### Task description
Set the pictures aside and write down, exactly as they appear, the lines from the one containing "Soft winter light" through the end of the material.

### Given information
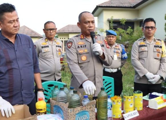 Media Kampung – Jajaran Polres Ogan Komering Ulu (OKU), Sumatera Selatan, berhasil menggerebek sebuah gudang penyimpanan dan pengoplosan bahan bakar minyak (BBM) ilegal di Kampung Talang Aman, Kelurahan Batu Kuning, OKU. Dalam penggerebekan yang dilakukan pada Minggu (30/7) malam, polisi berhasil menangkap pemilik gudang TO (37) dan seorang pembeli AY (28), yang merupakan warga Muara Enim.
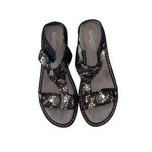 ALEGRIA Black Silver Wedge Sandals Slides Size 38/8
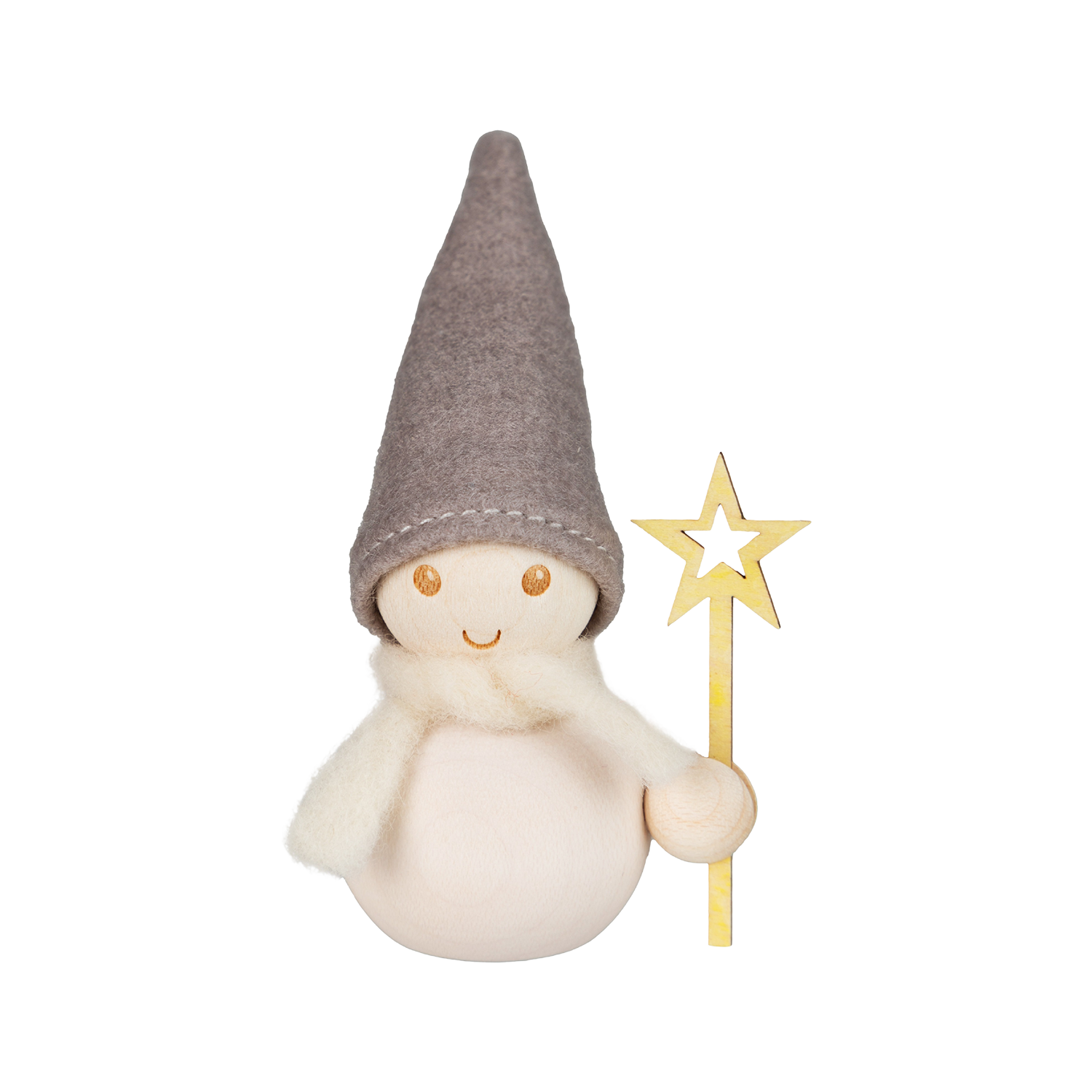 Soft winter light seems to follow wherever this little one goes. The Aarikka Frost Tonttu – Star-bearer holds a golden star close, a gentle symbol of warmth in the Finnish winter. Handcrafted with smooth maple beads and dressed in cozy felt and merino wool, this white-and-grey tonttu embodies Aarikka’s signature blend of simplicity and charm. Handmade in Finland, it’s a timeless keepsake—perfect for brightening a table, windowsill, or gifting to someone who treasures Nordic craftsmanship and quiet, wintry beauty.
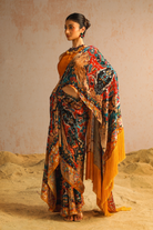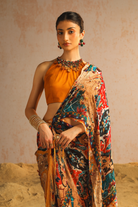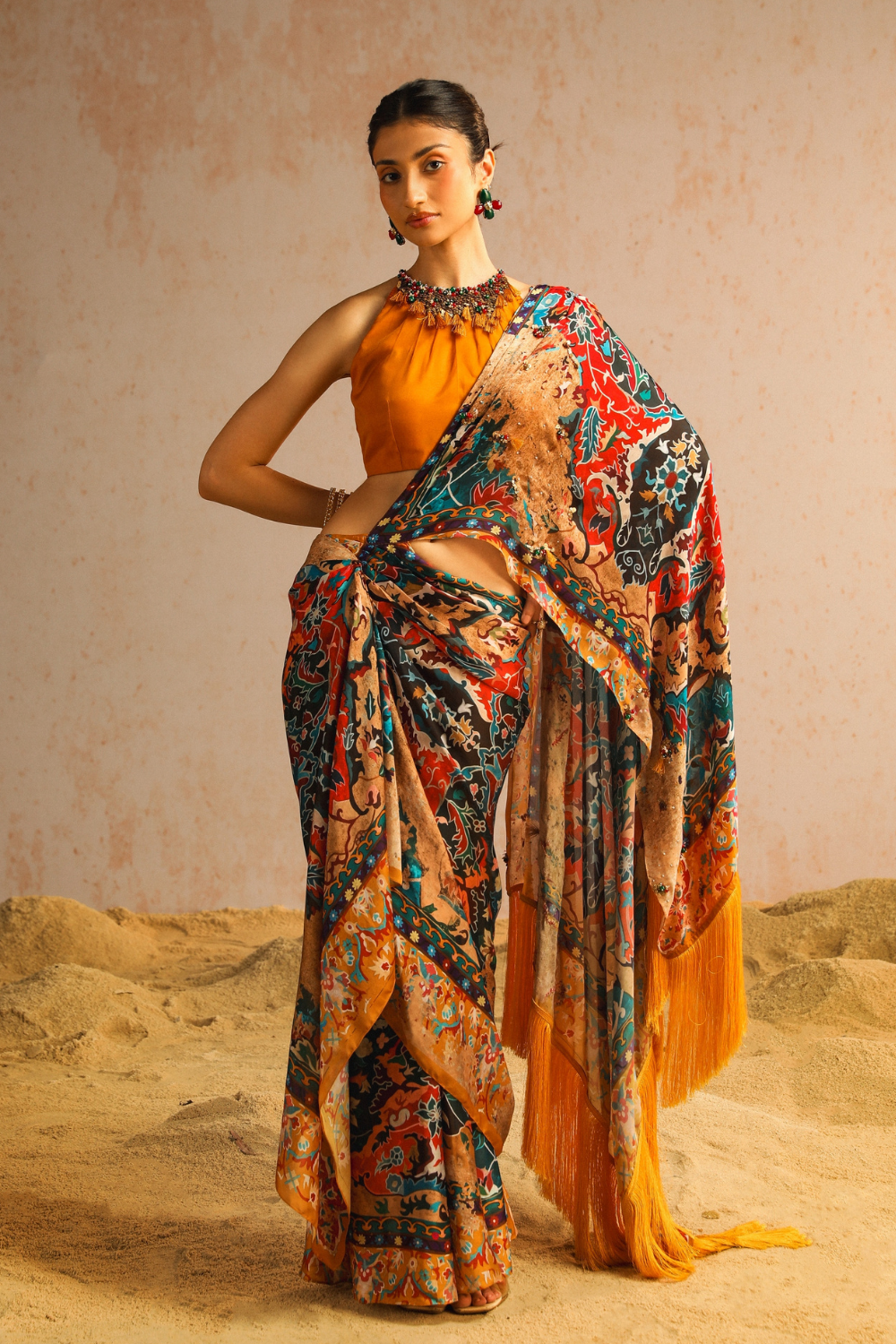 This mustard yellow satin Georgette draped saree embodies our distinctive draping style, elegantly wrapping around the body to create fluid lines and graceful folds, adorned with intricate motif print inspired by Jan Kath's erased carpets. It is paired with a matching halter neck organza blouse lined with crepe. The blouse features a keyhole back and is adorned with intricate embroidery along the neckline. Vibrant hues, reminiscent of macaw plumage, infuse the ensemble with an exotic allure. The detailed aari and zardozi work, including sequins, pearls, tassels, and thick fringe borders on the dupatta's hem, add movement and artistic charm to the outfit.

### Task output
 Soft winter light seems to follow wherever this little one goes. The Aarikka Frost Tonttu – Star-bearer holds a golden star close, a gentle symbol of warmth in the Finnish winter. Handcrafted with smooth maple beads and dressed in cozy felt and merino wool, this white-and-grey tonttu embodies Aarikka’s signature blend of simplicity and charm. Handmade in Finland, it’s a timeless keepsake—perfect for brightening a table, windowsill, or gifting to someone who treasures Nordic craftsmanship and quiet, wintry beauty.
 This mustard yellow satin Georgette draped saree embodies our distinctive draping style, elegantly wrapping around the body to create fluid lines and graceful folds, adorned with intricate motif print inspired by Jan Kath's erased carpets. It is paired with a matching halter neck organza blouse lined with crepe. The blouse features a keyhole back and is adorned with intricate embroidery along the neckline. Vibrant hues, reminiscent of macaw plumage, infuse the ensemble with an exotic allure. The detailed aari and zardozi work, including sequins, pearls, tassels, and thick fringe borders on the dupatta's hem, add movement and artistic charm to the outfit.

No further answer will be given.